Lantas sebenarnya, apa yang menjadi alasan krisis fertilitas yang menjadi sorotan UNFPA? Kenapa dukungan nyata begitu penting bagi calon orang tua? Simak informasi selengkapnya di Popmama.com.
1. UNFPA soroti alasan terbesar orang Indonesia tidak ingin memiliki anak

Berdasarkan survei UNFPA yang melibatkan 1.015 responden di Indonesia, ditemukan bahwa hambatan terbesar untuk memiliki anak adalah faktor ekonomi dan ketidakpastian hidup. Mulai dari biaya membesarkan anak, sulitnya akses kepemilikan rumah, hingga ketidakstabilan pekerjaan menjadi penyebab utama.
“Krisis fertilitas sesungguhnya bukanlah soal orang yang tidak ingin punya anak, melainkan banyak yang ingin punya anak tapi tidak mampu.
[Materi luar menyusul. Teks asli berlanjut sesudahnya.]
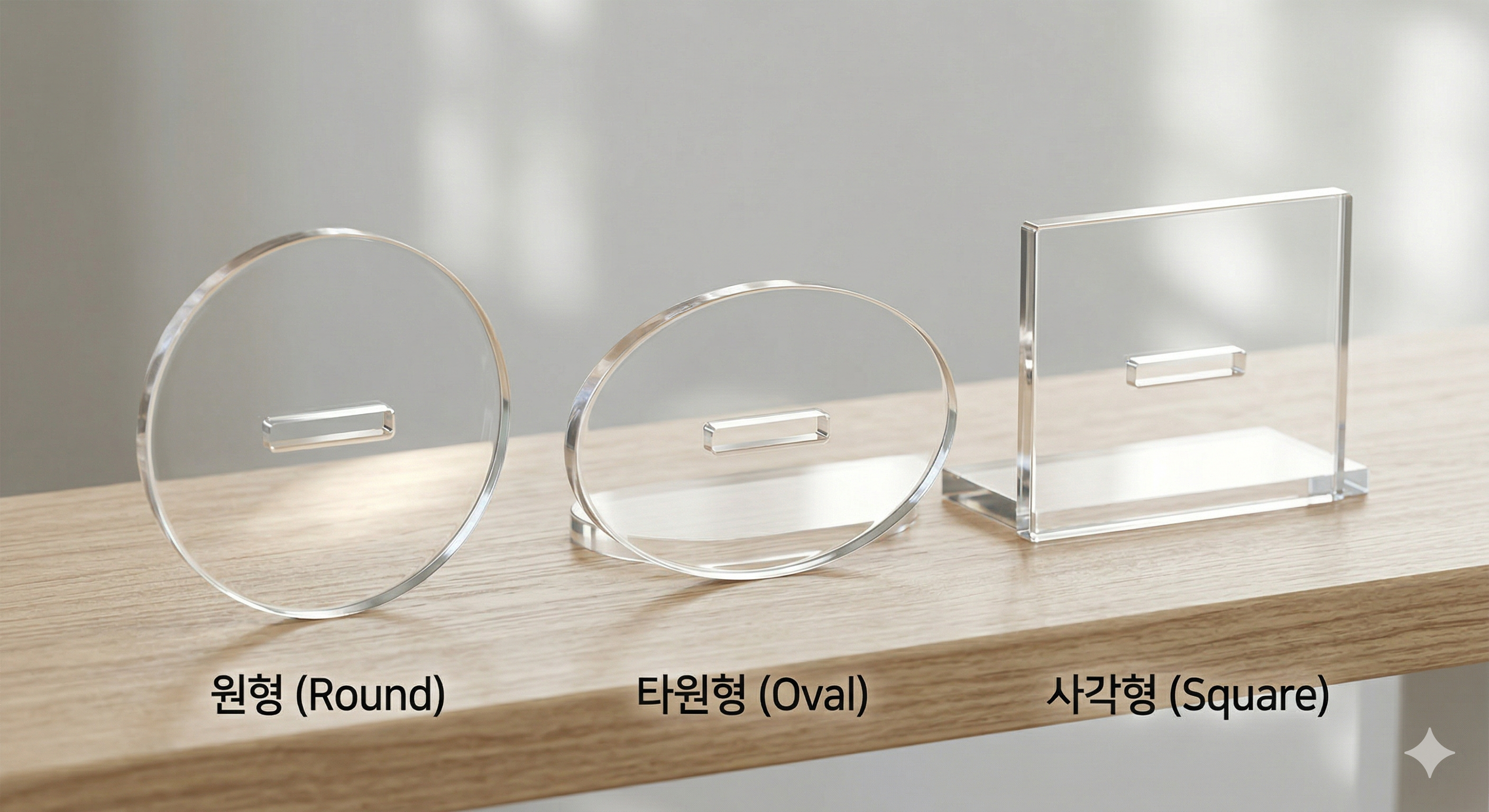 아크릴 스탠드의 경우 밑판은 필수입니다. 밑판이 있어야 아크릴을 세울 수 있기 때문이죠. 처음에 제작하려고 보면 "밑판 모양은 어떻게 골라야 할지" "밑판 인쇄는 가능한지", "사이즈는 어떻게 맞춰야 할지" 고민이 생기죠 그래서 이번 글에선 아크릴 스탠드 제작할 때 밑판 모양, 인쇄, 사이즈 등에 대해 간단히 설명을 해드리겠습니다. (초보자들을 위한 설명) 1. 밑판 모양밑판은 보통 아래 3가지 형태가 가장 많이 사용됩니다. 원형 , 타원형 , 사각형

Laporan ini menemukan bahwa dari responden yang disurvei, lebih dari 70% orang ingin punya dua anak atau lebih,” ujar Hassan Mohtashami, UNFPA Indonesia Representative dalam konferensi pers State of World Population (SWP) 2025 di Jakarta (3/7).
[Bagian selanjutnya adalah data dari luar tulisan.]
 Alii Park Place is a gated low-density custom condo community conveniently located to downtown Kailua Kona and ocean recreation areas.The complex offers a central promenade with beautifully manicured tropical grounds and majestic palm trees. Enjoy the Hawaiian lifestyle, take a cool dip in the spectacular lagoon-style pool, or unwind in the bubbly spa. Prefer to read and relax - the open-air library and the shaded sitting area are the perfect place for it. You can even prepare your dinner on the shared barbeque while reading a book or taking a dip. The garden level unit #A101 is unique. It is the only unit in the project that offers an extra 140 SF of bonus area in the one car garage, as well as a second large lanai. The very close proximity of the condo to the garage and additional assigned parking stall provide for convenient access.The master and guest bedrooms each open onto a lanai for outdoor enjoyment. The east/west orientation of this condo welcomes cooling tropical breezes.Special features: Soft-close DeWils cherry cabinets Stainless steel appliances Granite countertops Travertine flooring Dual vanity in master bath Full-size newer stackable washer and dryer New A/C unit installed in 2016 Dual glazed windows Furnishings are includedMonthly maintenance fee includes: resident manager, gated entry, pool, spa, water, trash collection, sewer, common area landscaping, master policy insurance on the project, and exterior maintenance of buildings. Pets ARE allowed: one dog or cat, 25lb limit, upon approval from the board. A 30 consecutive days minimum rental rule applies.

Data ini menunjukkan bahwa keinginan untuk memiliki anak sebenarnya masih tinggi, namun tidak didukung oleh kondisi sosial dan ekonomi yang memadai.
2. Pentingnya dukungan nyata bagi setiap individu yang ingin memiliki anak

UNFPA dan BKKBN menekankan bahwa solusi dari krisis fertilitas tidak cukup hanya dengan mengajak masyarakat untuk memiliki anak, melainkan harus dibarengi dengan lingkungan yang mendukung.
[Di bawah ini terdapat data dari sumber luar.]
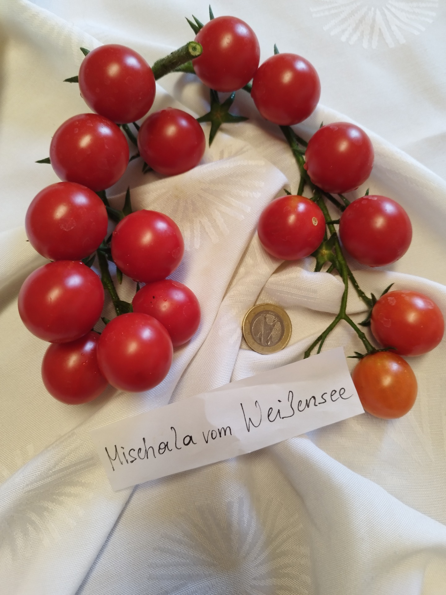 Besonders süßs, rote, geschmackvolle Cocktailtomate 1,8m hoch, Frucht 2-3cm im Durchmesser, dünne Schale, ertragreich, frühe Sorte,

Beberapa bentuk dukungan yang dibutuhkan antara lain:
Cuti melahirkan dan ayah yang memadai.
Akses layanan fertilitas yang terjangkau.
Kebijakan keluarga yang inklusif dan ramah gender.
Dukungan tempat kerja bagi orangtua baru.
Akses pendidikan dan layanan kesehatan yang merata.
Bonivasius Prasetya Ichtiarto, Deputi Pengendalian Kependudukan BKKBN, menambahkan bahwa pihaknya berkomitmen dalam membangun kebijakan berbasis manusia, termasuk memastikan pembangunan keluarga yang berkualitas.
Health Affairs Journal (2023) juga menyatakan bahwa, kebijakan dukungan keluarga yang kuat dapat meningkatkan tingkat fertilitas dan memperbaiki kualitas hidup keluarga muda secara signifikan.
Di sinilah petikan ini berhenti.